The first approach is plant-based food science, meaning you take plant protein like wheat and plant fats like coconut oil and assemble them together in similar proportions and textures to what you’d find in a meat product. This is how products like the Impossible Burger are made, which actually has a “magic ingredient” called heme, which gives meat its beefy, bloody flavor. Instead of getting heme from red meat, Impossible Foods makes it with microorganisms like yeast using the same process that’s used to make synthetic insulin for diabetics.

The second approach has yet to hit markets, but nonprofit organizations and venture capital firms have been pouring millions into the production of those “clean meat” products. Food scientists take a small sample of cells from a living animal and mix them with sugar, nutrients, and growth factors to mimic the growth of muscle and fat inside an animal’s body. The end product is exactly the beef, sausage, or other meat products consumers want down to the molecular level.

Is the global activism driving consumer demand for plant-based foods unstoppable?
If I had to put a number on it, I would guess it’s over 90% likely that humanity stops eating animals at a large scale over the next century. It’s of course very difficult to predict any long-term social change with confidence. But even if this change is unstoppable, it is still very important for activists to work on this issue for two reasons. First, increasing the likelihood of change from something like 90% to 95% is still very important when trillions of lives are at stake. Second, speeding up this change by just a few years is still a matter of trillions of lives, human or animal.

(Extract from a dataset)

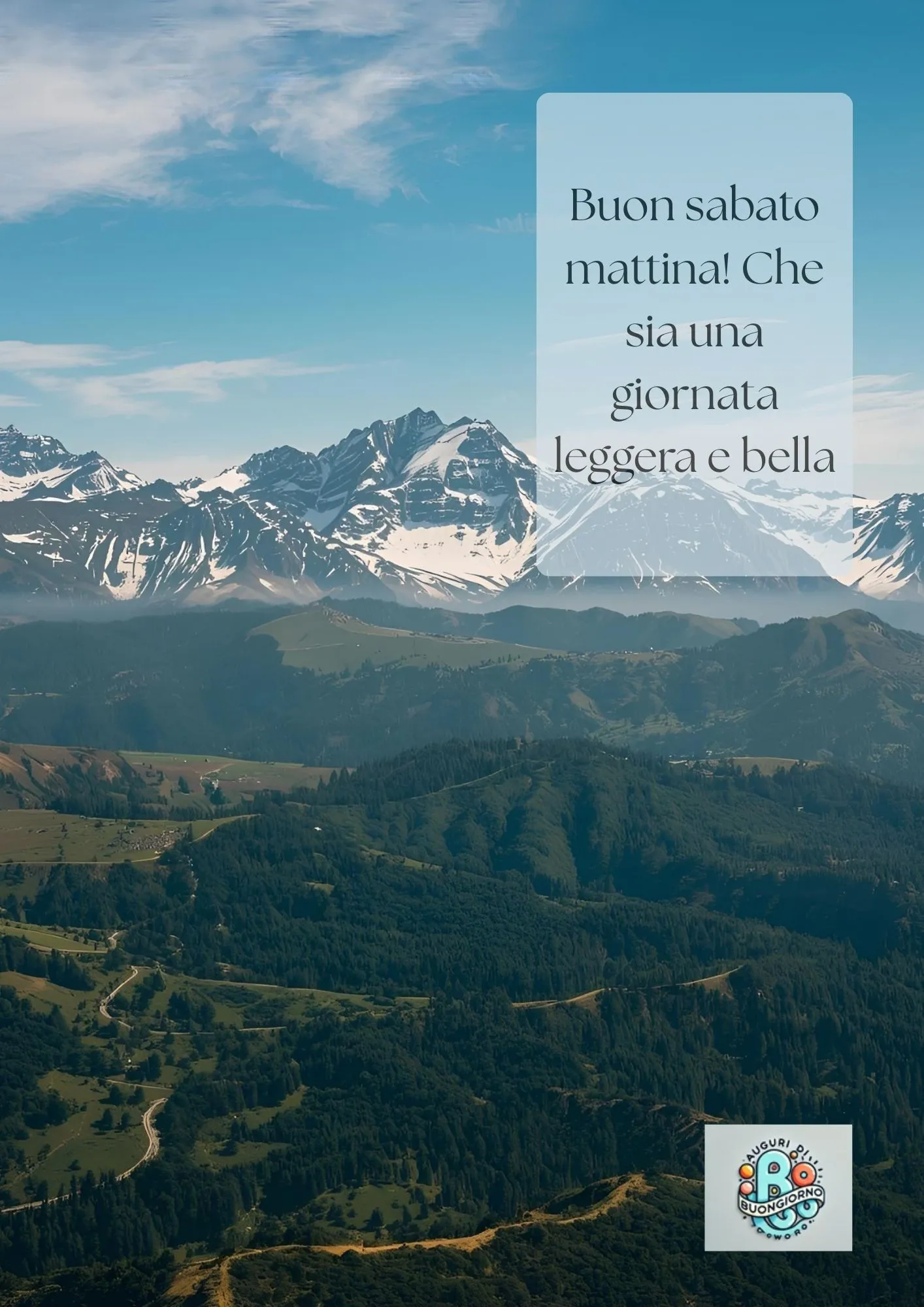 Veduta dall’alto di montagne e colline verdi sotto un cielo azzurro, con il testo “Buon sabato mattina! Che sia una giornata leggera e bella.”

You mention “humanity’s expanding moral circle” and say that humankind is becoming increasingly compassionate – do you have any data or evidence for this, other than the rise of veganism?
At the think tank I work for, Sentience Institute, we would like to run a survey at some point to quantify people’s moral circles. How much more do humans care about other humans close to them versus on the other side of the world? Humans versus dogs? Dogs versus pigs? Pigs versus insects?

But for now, there are some concrete examples of behavior and policy change: we obviously no longer use animals as much in sports, like Roman gladiators who fought animals or setting cats on fire as entertainment. We still abuse animals in much the same ways, but we are at least appalled at most public cruelty. Survey data also shows promising changes, like a 2015 Gallup poll where 32% of Americans said “animals deserve the exact same rights as people to be free from harm and exploitation”! 62% believed they deserve “some protection,” and only 3% thought they “don’t need much protection.”

The first poll we ran in 2017 when we founded Sentience Institute was on US attitudes towards animal farming and animal-free foods. It found that 54% of US adults said they were trying to eat fewer animal-based foods, 87% agreed with the statement, “Farmed animals have roughly the same ability to feel pain and discomfort as humans,” and an incredible 47% agreed with the radical statement, “I support a ban on slaughterhouses.”